Rubric-Based Grading

Use an LLM grader with rubrics to provide reward signals for RL training.

What you'll build

An RL training setup where a grader LLM evaluates policy responses against rubric criteria and returns a reward score. Includes a simple addition task demo and an experimental setup using the Prometheus evaluation dataset.

Prerequisites

uv pip install tinker-cookbook

Key concepts

Rubric items — structured criteria specifying what constitutes a good response, with extraction regex for parsing grader output
LLM-as-judge — a separate language model grades each response against the rubric, producing a scalar reward

How it works

JSON data format

Each datapoint consists of a conversation prefix and a list of rubric items:

{
  "convo": [
    {
      "role": "user",
      "content": "What is 4 + 5?"
    },
    {
      "role": "assistant",
      "content": "9"
    },
    {
      "role": "user",
      "content": "What is 122 + 12?"
    }
  ],
  "rubric_items": [
    {
      "rubric_str": "Does the chatbot correctly get the answer 134?",
      "extraction_regex": "<score>(.*)</score>",
      "grader_output_format_instruction": "Please output your score between 0 and 1 wrapped in <score> ... </score>"
    }
  ]
}

Each rubric item specifies what constitutes a good response (rubric_str), how the grader should format its output (grader_output_format_instruction), and how the score is extracted (extraction_regex).

Debug workflow

Use debug_env.py to inspect what happens during rollouts before launching a full training run:

python -m tinker_cookbook.recipes.rubric.debug_env

This shows the message the policy sees, its response, the grader input, and the grader output -- useful for verifying that the grading pipeline is working correctly.

Parallel grading

The environment grades each rubric item in parallel using asyncio.gather.
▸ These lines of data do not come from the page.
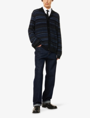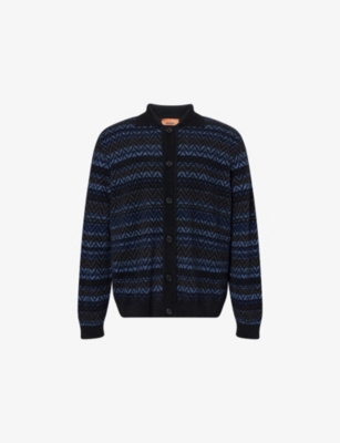 Zig-Zag Pattern Long-Sleeve Cotton And Wool Polo Shirt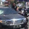 Para pengendara sepeda motor berusaha memberhentikan mobil yang terus melaju secara ugal-ugalan.
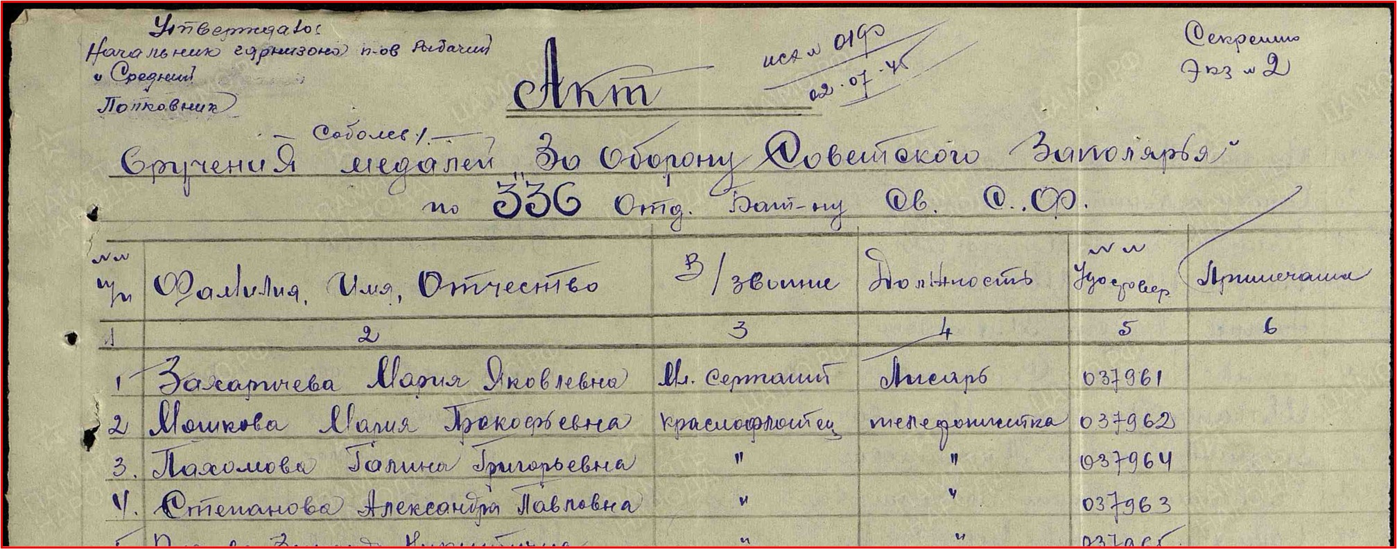 Как комсомолку и человека со средним образованием Галину Григорьевну девятнадцатилетней девчонкой призвали в армию. Она была мобилизована Усть-Алексеевским райвоенкоматом 14 августа 1942 г. К этому времени на фронте уже воевали ее отец и брат.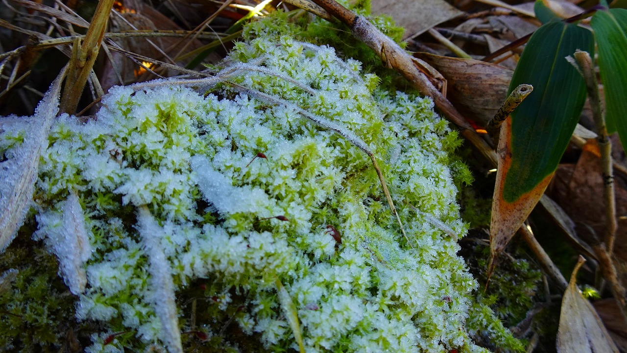 歩いているので体は暖かいですが、日陰は氷の世界です。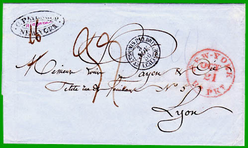 juillet 1851 Affranchissement à 10 cents + Taxe 3,90 F Cette lettre a été postée à New-York le 21 octobre 1856, et l'expéditeur a payé le port américain de 10 cents (1/2 à 1 once), matérialisé par la marque manuscrite "10" au crayon gris. Elle a été acheminée jusqu'à Liverpool par le paquebot anglais "Niagara". Elle est entrée en France le 3 novembre 1856 : cachet à date noir "ETATS-UNIS PAQ. BRIT. A. CALAIS M".Elle est arrivée le 5 novembre 1856 à Lyon, où le destinataire a payé la taxe de 39 décimes (lettre de 16 grammes) (tarif du 1er décembre 1851). |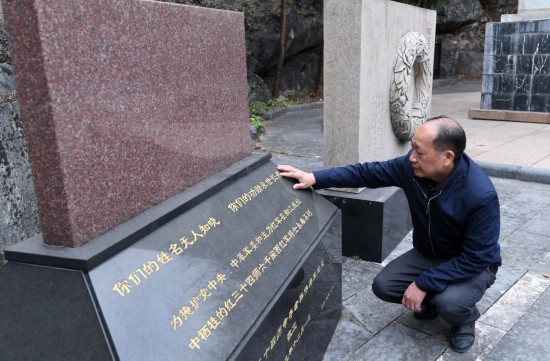 在廣西灌陽縣革命烈士陵園,灌陽縣黨史專家文東柏瞻仰無名烈士紀念碑(2月2日攝)。新華社記者陸波岸攝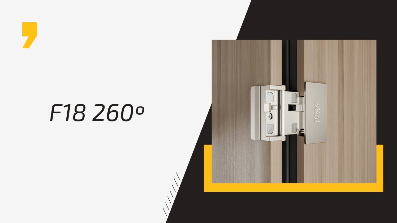 Dobradiça embutida para portas de giro. Destinada para portas de madeira e mdf, a dobradiça F18 conta com sistema de fechamento silencioso e abertura de até 260º. Opções nos modelos reta e curva, para se adequar à sobreposição do seu projeto.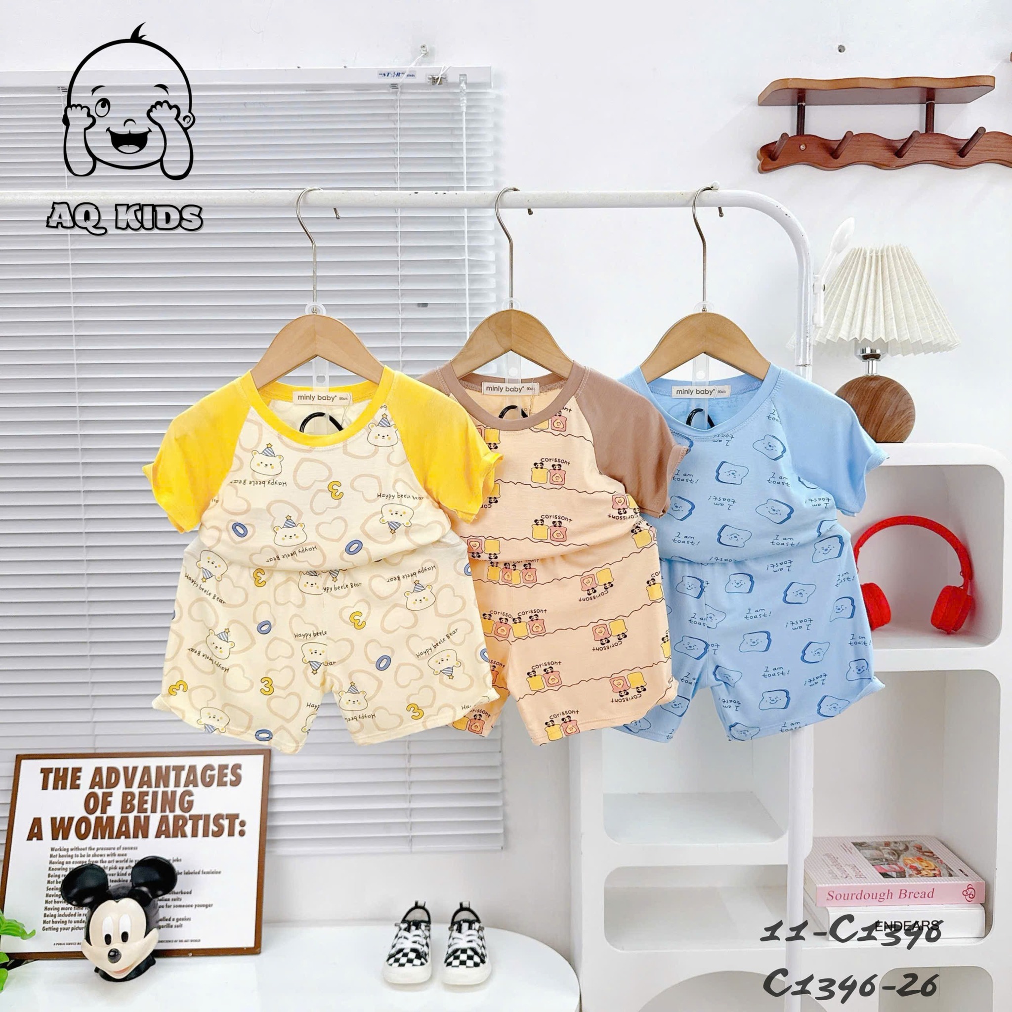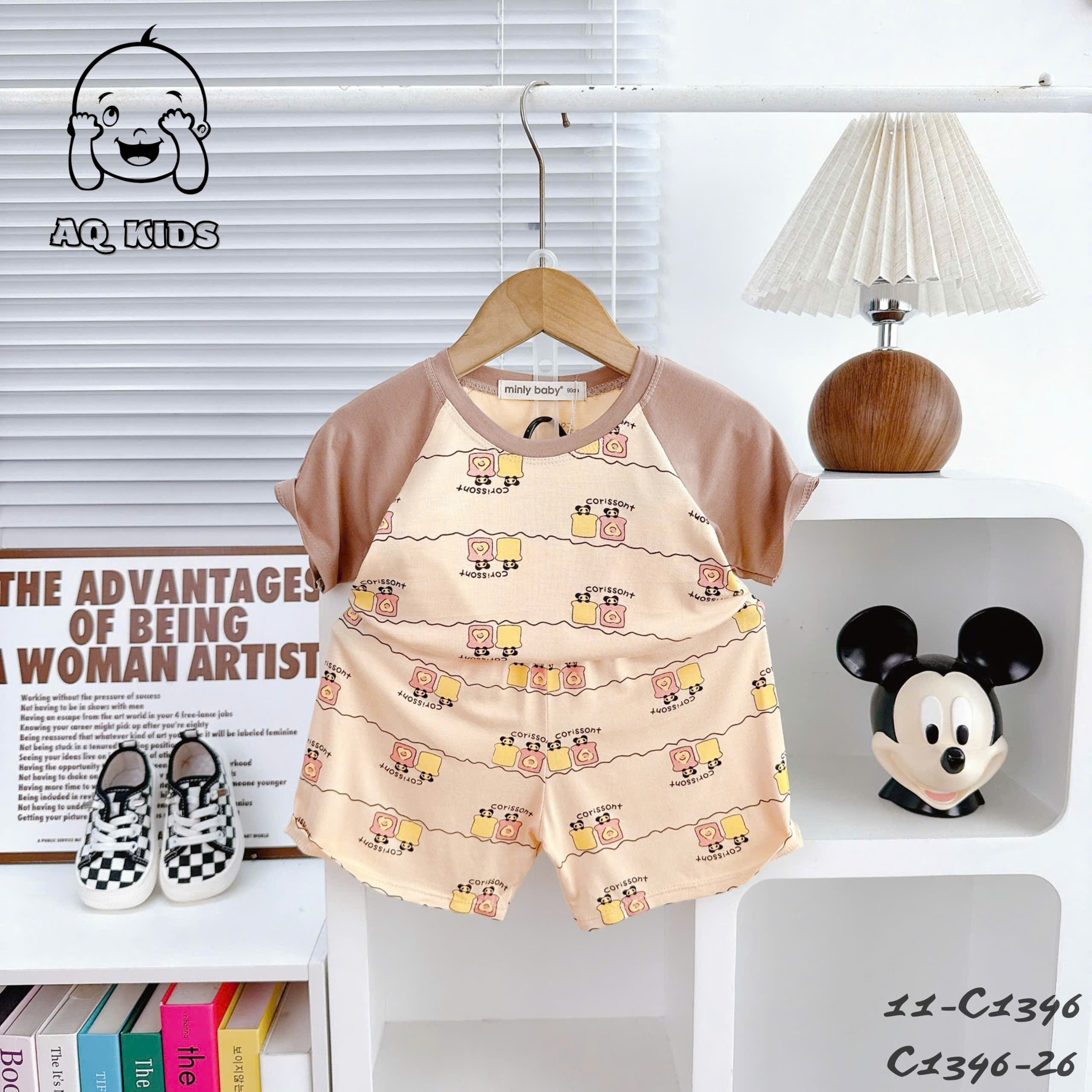 (New) Bộ cộc thun lạnh Minlybaby raglang in hoạ tiết – C1346 – BCIB49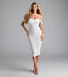 Classy Perfection Off-The-Shoulder Pearl Midi Dress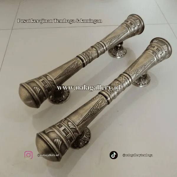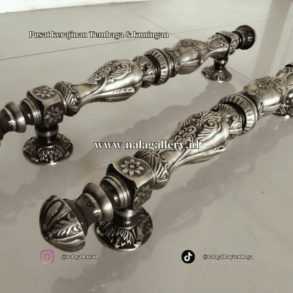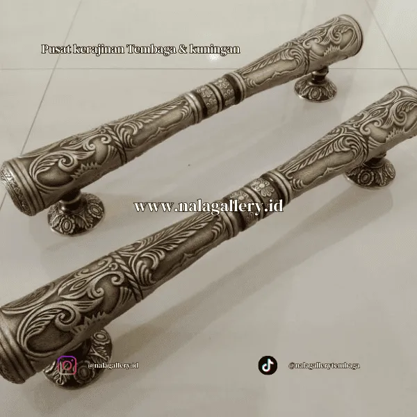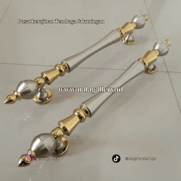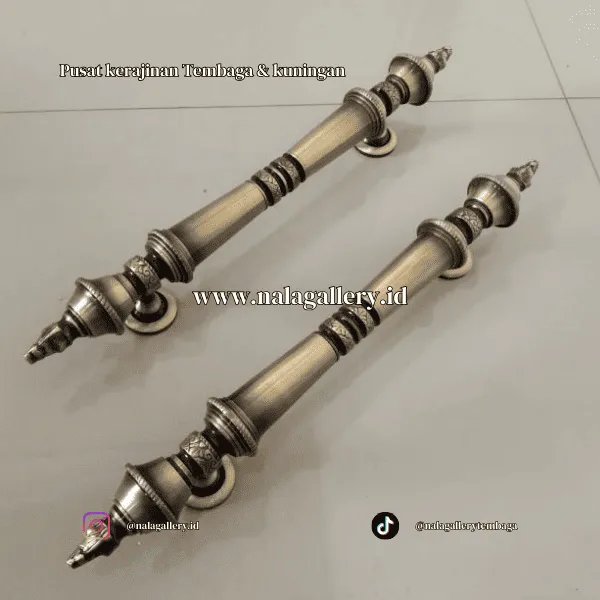 Handle berbahan kuningan juga menjadi pilihan menarik untuk kamu yang peduli detail ornamen arsitektur. Bentuknya bisa minimalis lurus, bisa juga lebih berlekuk dengan ukiran etnik, atau bahkan model klasik yang tebal dan berwibawa. Ketika dipasang pada pintu kayu jati, ulin, merbau, atau finishing duco modern, hasilnya langsung memunculkan nuansa mewah tanpa harus berlebihan. Ia bekerja sebagai aksen kecil yang mempercantik tampilan secara keseluruhan.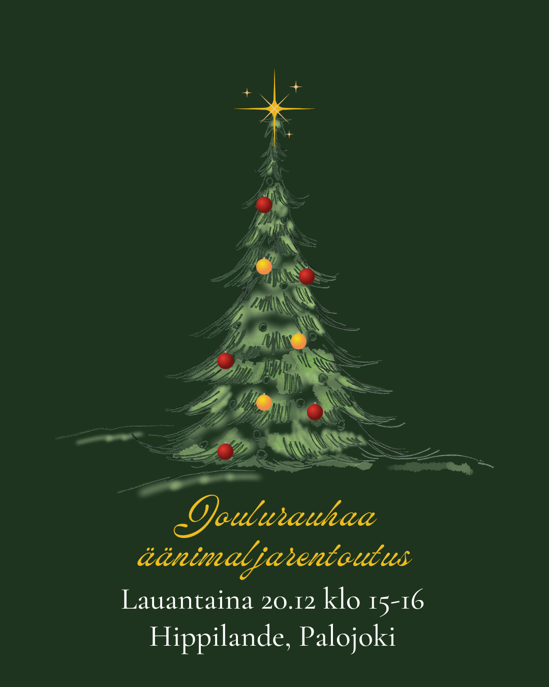 Lauantaina 20.12 klo 15-16. Hippilande, Maisinkuja 41, Palojoki. 25€/hlö.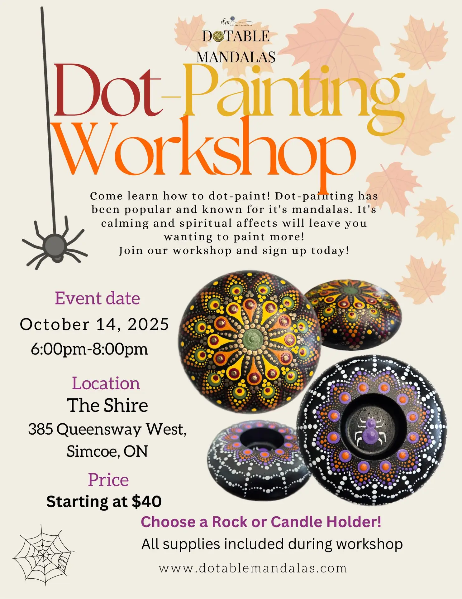 The Shire Restaurant 385 Queensway West, Simcoe, ON, CanadaGet creative this season with our hands-on dot-painting workshop!Join us for a fun and relaxing experience where you’ll paint your very own 4" rock or 4" candle holder in your choice of two beautiful seasonal themes:  Halloween Spider Web – A spooky yet elegant design perfect for the season. Autumn Leaves – A cozy fall-inspired piece […]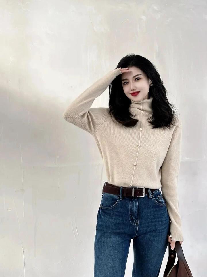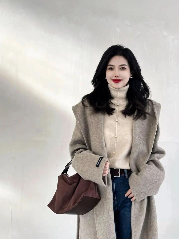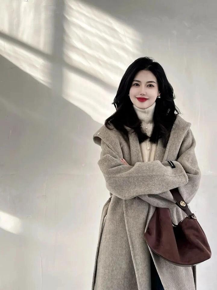 女生如何穿搭看起来时尚更有品味呢黑色的长发,淡妆,灰色的长款大衣,看着非常有时尚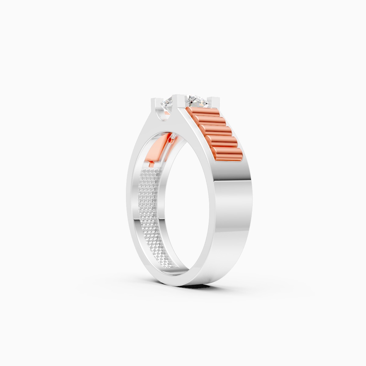 0 StoneA bold take on a classic, this ribbed solitaire band features a striking round lab grown diamond held in a clean four-prong setting, flanked by linear metal ridges that give the ring its strong, architectural look. Crafted in solid 9K/14K/18K yellow, white and rose gold, it is designed for modern men who want everyday luxury with a refined edge. The lab grown diamond offers the brilliance of a traditional stone with a conflict-free, conscious footprint, while the smooth inner shank keeps the ring comfortable for long wear, from office hours to evening plans or even as a contemporary engagement ring.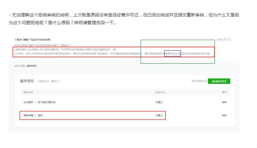 - 无法理解这个拒绝审核的说明,上次就是原因没有食品经营许可证,但已添加完成并且提交重新审核,但为什么又是因为这个问题拒绝呢?是什么原因?麻烦请管理员回一下。
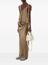 cowl-effect silk maxi skirt Highlights - Light olive green - Silk satin - High-waisted - Cowl effect - Curved hem - Long length Imported Composition Silk 100%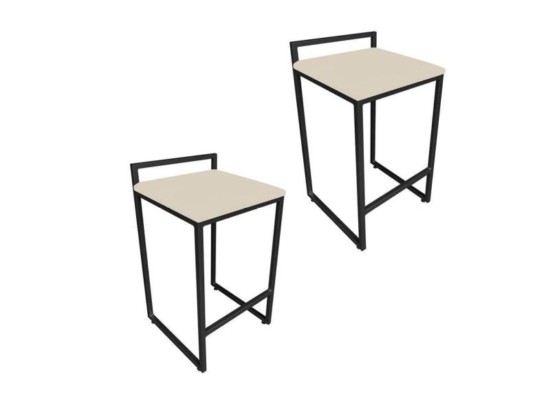 Kit 02 Banquetas Lavínia Suede Base Preto Bege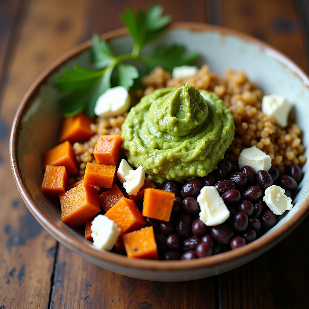 A vibrant bowl of quinoa, roasted sweet potatoes, black beans, and crumbled cotija cheese. Topped with a refreshing cilantro-lime vinaigrette and a dollop of fresh guacamole.
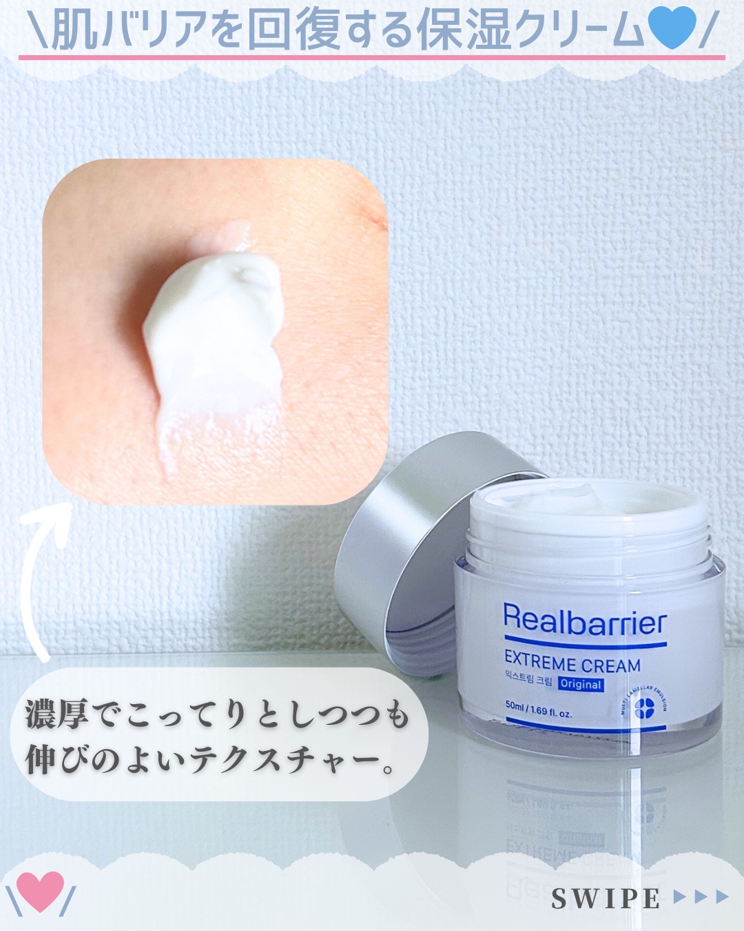 崩れた肌バリアを回復させて乾燥を改善する機能性保湿クリーム🤍 コックリと固めの質感なのに肌に溶け込むように馴染む高保湿フェイスクリーム✨️ リアルバリア独自開発のMLE(R)テクノロジーを採用したMLE(R)肌バリア処方で肌のバリア機能をしっかりと補いうるおいに満ちたふっくらハリ肌に導いてくれる! オリジナルよりも軽いやわらかテクスチャーで軽い着け心地なのにしっかりしっとりしてくれる!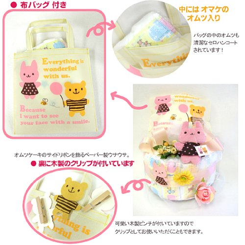 -. Feature : 赤ちゃんの手に優しい手触りのぬいぐるみと、可愛い木製ピンチ付き。 / お散歩用の布バッグの中におまけのオムツが包装されて入っています。 / 【作品の大きさ】 直径21cm・高さ22cm程度 Sサイズ23枚程 / 【オムツ】使い易く人気の高い「グーン」の紙おむつを使用。 / おむつ部分:フィルムコートされ衛生的!ギフトラッピング致します(無料)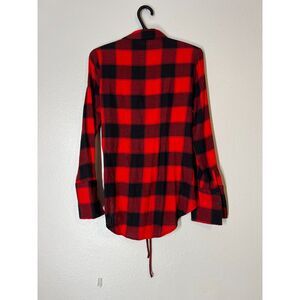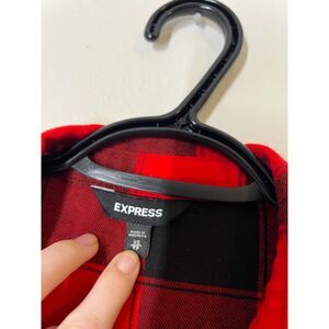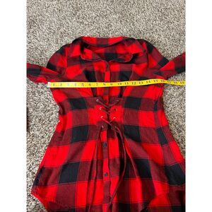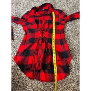 Express Red Black Buffalo Plaid Corset Style Flannel Top Womens XS Grunge Goth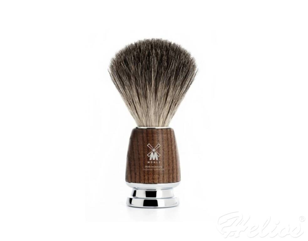Materiał: mosiądz chromowany, drewno jesionu, naturalne włosie z borsuka

For each rollout, the policy reads the conversation prefix, generates a response, then all rubric items are evaluated concurrently by the grader LLM. The final reward is the sum of individual rubric scores.

Run it

Generate example data

python -m tinker_cookbook.recipes.rubric.generate_data

Debug rollouts (inspect grader behavior)

python -m tinker_cookbook.recipes.rubric.debug_env

Train on addition task

python -m tinker_cookbook.recipes.rubric.train

Train on Prometheus dataset (experimental)

python -m tinker_cookbook.recipes.rubric.prometheus_experimental

Expected results

The addition task shows reward climbing quickly within the first few steps. The Prometheus dataset shows steady reward improvement, though this recipe is experimental -- fine-tuning the grader LLM may be needed for stronger results.